- Directions for this task -
Using the records below, repeat exactly the lines from the one holding "Este vestido de" through the one holding "另外,2022年以來,工商業", both ends included, and no others.

- Records to use -

________

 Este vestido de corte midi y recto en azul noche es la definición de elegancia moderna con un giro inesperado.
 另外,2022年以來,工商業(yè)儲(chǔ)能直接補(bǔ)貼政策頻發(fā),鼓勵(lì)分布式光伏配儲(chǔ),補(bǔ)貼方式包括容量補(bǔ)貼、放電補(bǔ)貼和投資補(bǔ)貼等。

________

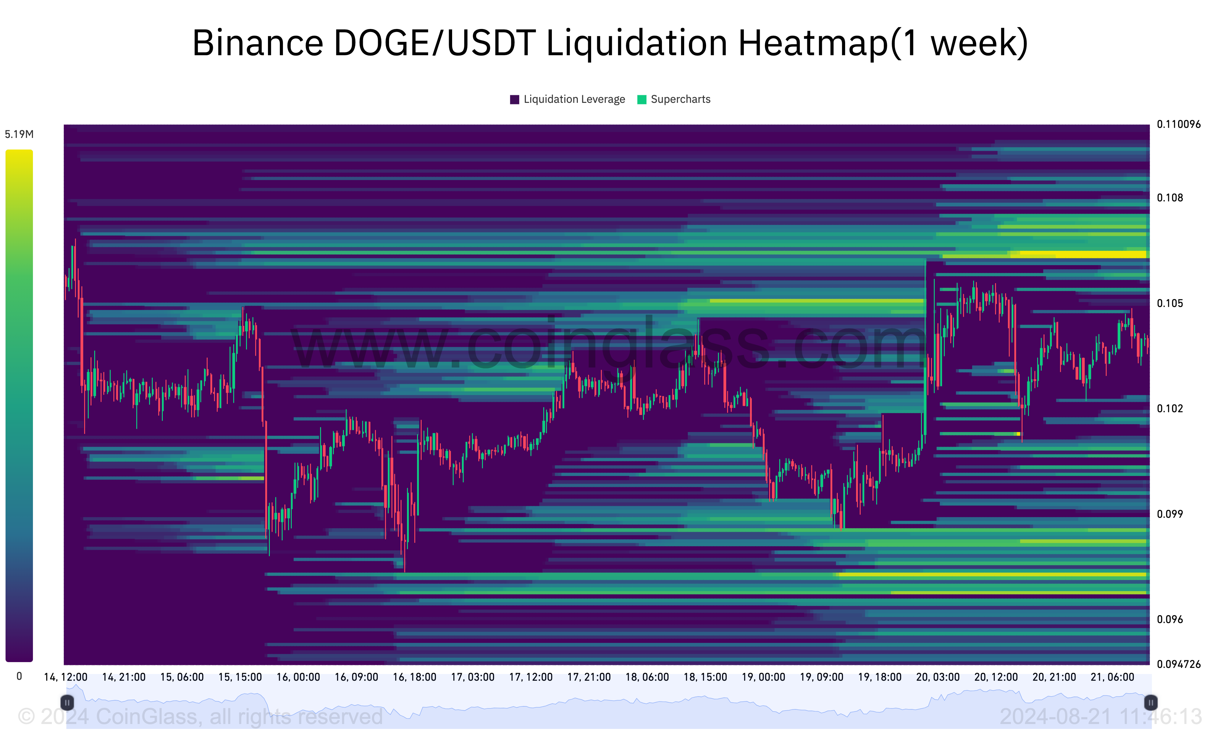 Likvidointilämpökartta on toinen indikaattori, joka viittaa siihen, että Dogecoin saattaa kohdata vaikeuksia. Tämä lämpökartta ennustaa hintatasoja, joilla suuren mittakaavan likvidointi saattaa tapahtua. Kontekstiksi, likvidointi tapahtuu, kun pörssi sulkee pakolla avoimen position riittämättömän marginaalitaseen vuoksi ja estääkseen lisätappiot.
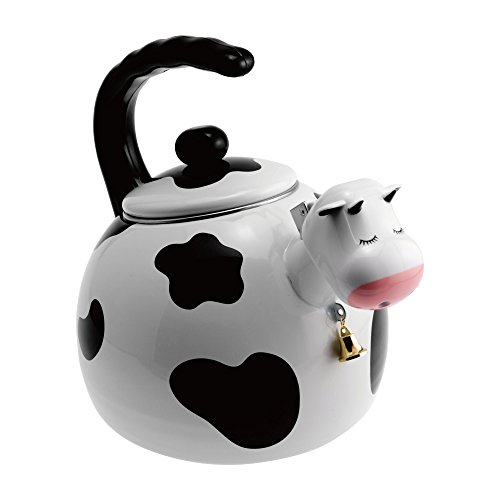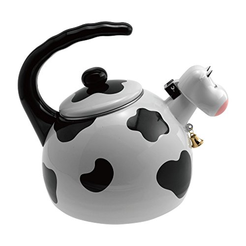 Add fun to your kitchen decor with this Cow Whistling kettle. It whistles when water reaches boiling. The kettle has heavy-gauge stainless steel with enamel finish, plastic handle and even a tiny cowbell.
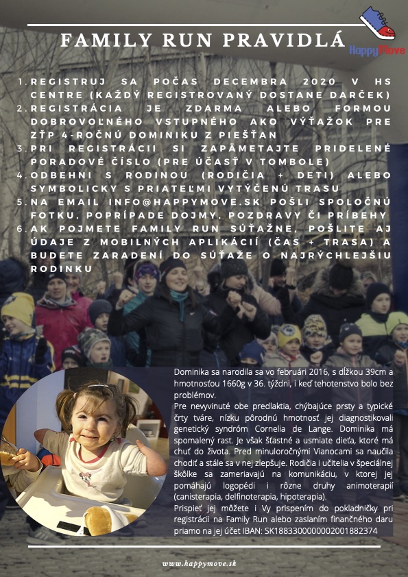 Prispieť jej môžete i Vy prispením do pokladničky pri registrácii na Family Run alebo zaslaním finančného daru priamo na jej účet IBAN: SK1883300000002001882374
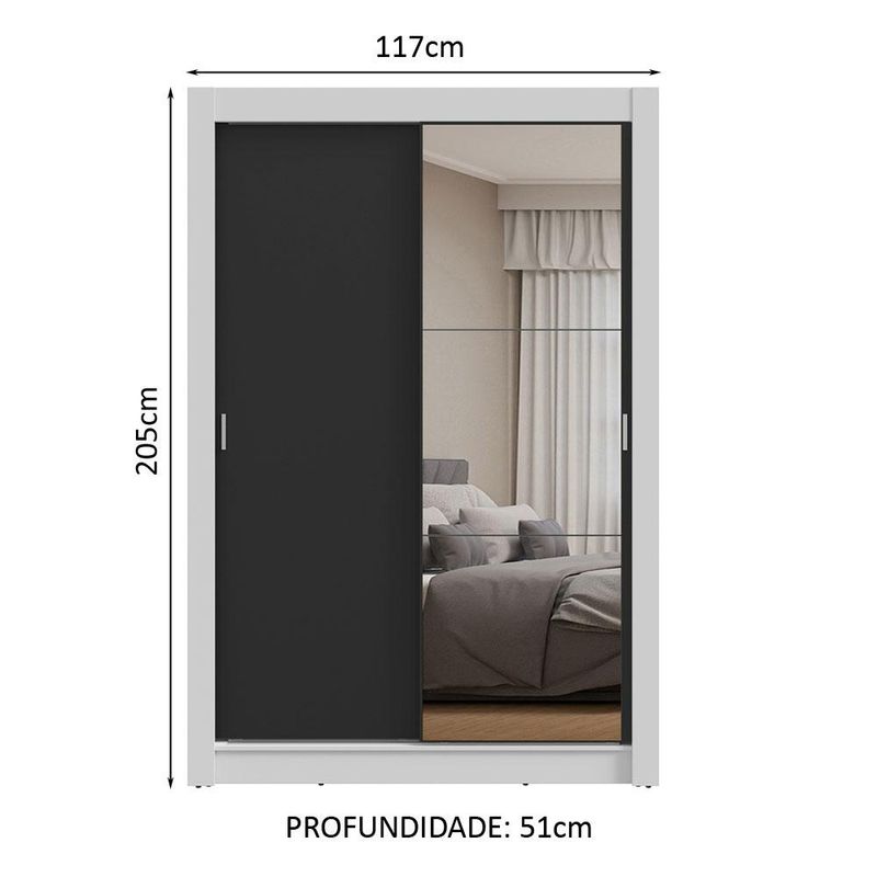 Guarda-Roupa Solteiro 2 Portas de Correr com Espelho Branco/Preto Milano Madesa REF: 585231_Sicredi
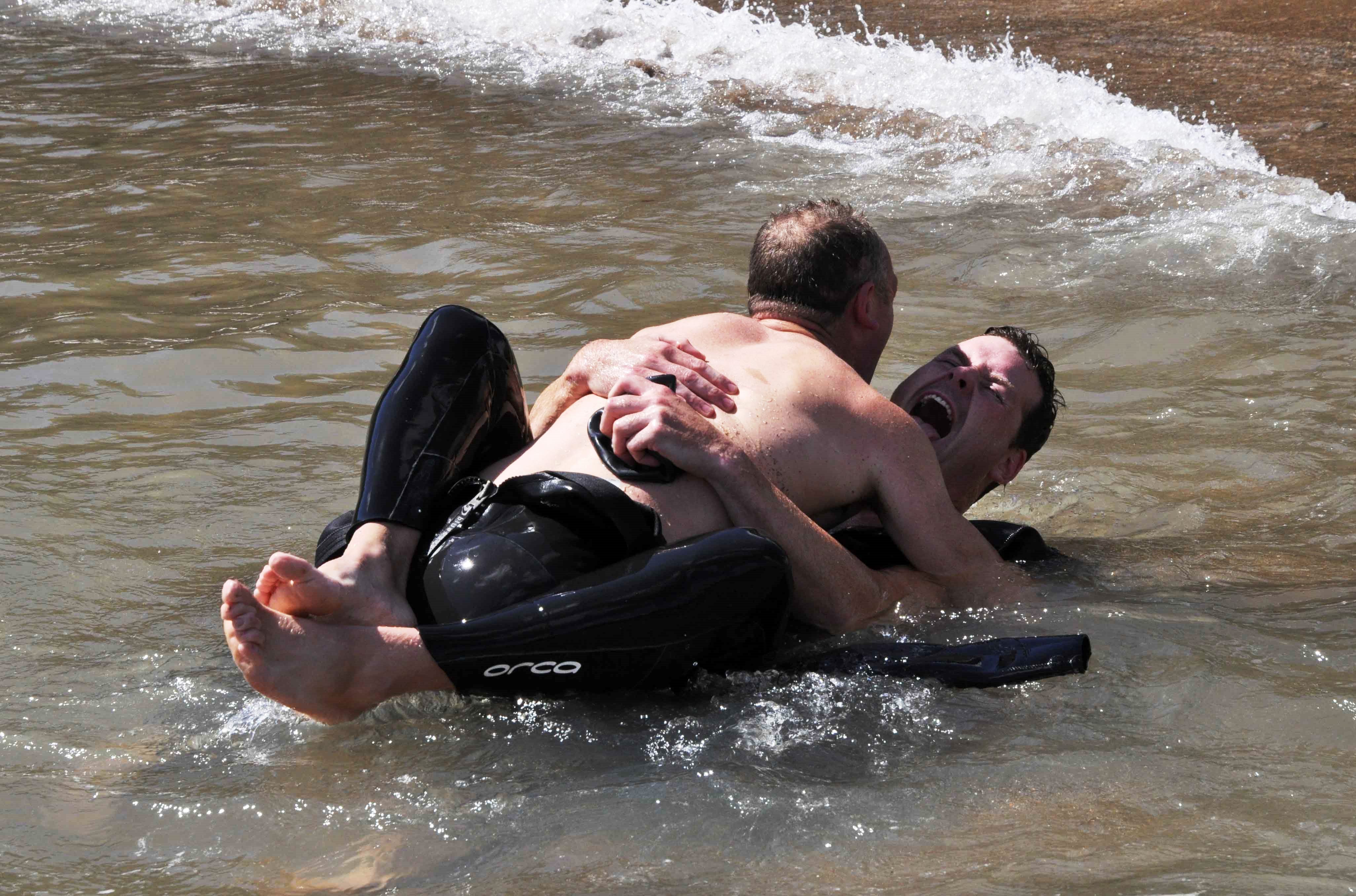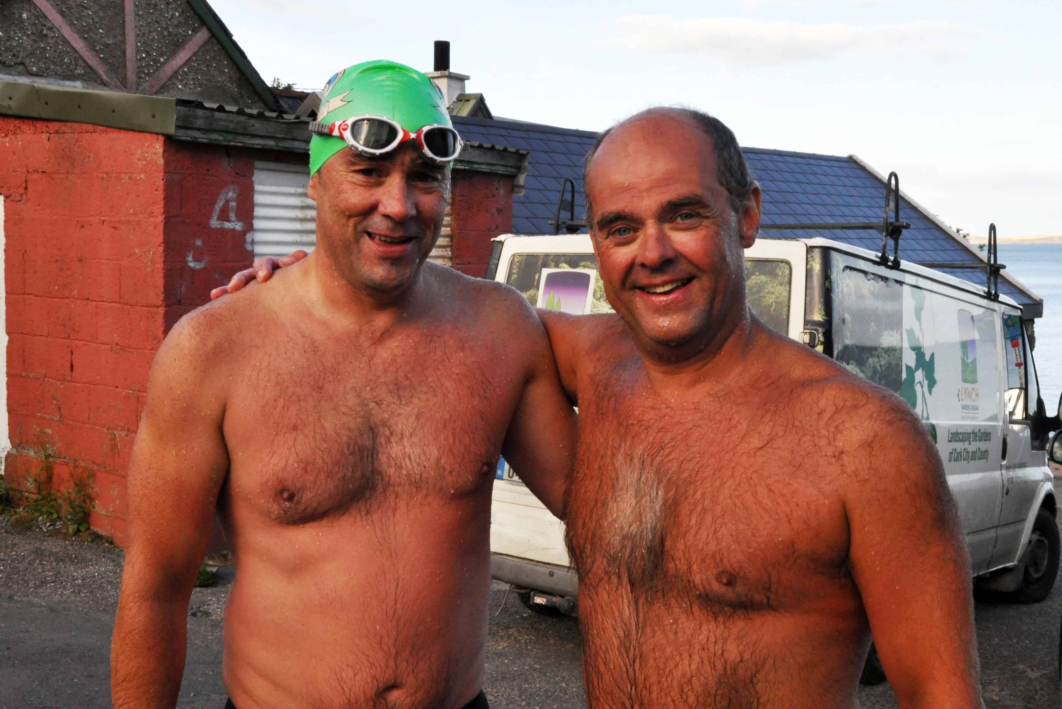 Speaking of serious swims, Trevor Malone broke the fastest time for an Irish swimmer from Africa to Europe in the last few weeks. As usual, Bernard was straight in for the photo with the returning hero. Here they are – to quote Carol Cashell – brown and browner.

________

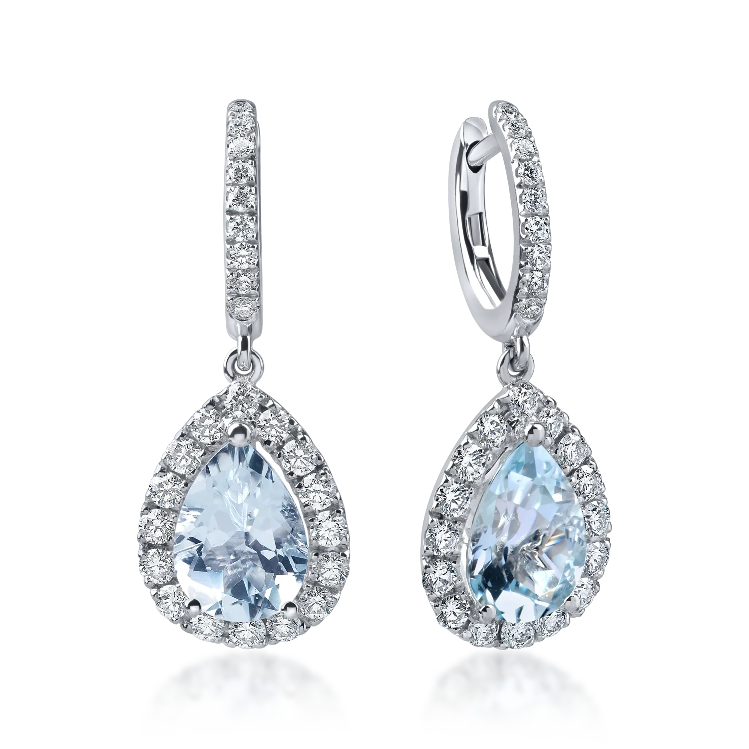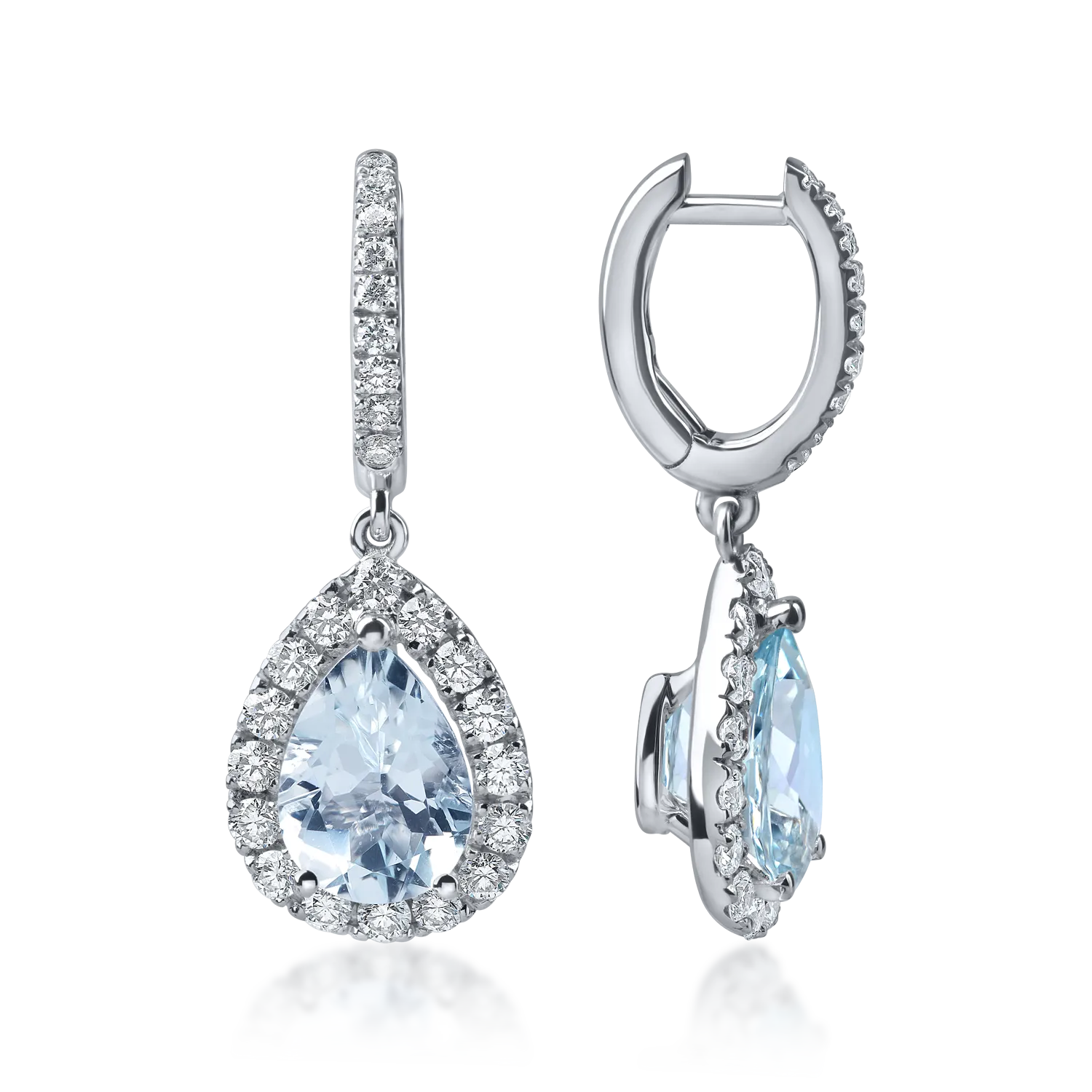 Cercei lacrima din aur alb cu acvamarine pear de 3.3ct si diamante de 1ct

________

- Answer to this exercise -
 Este vestido de corte midi y recto en azul noche es la definición de elegancia moderna con un giro inesperado.
 另外,2022年以來,工商業(yè)儲(chǔ)能直接補(bǔ)貼政策頻發(fā),鼓勵(lì)分布式光伏配儲(chǔ),補(bǔ)貼方式包括容量補(bǔ)貼、放電補(bǔ)貼和投資補(bǔ)貼等。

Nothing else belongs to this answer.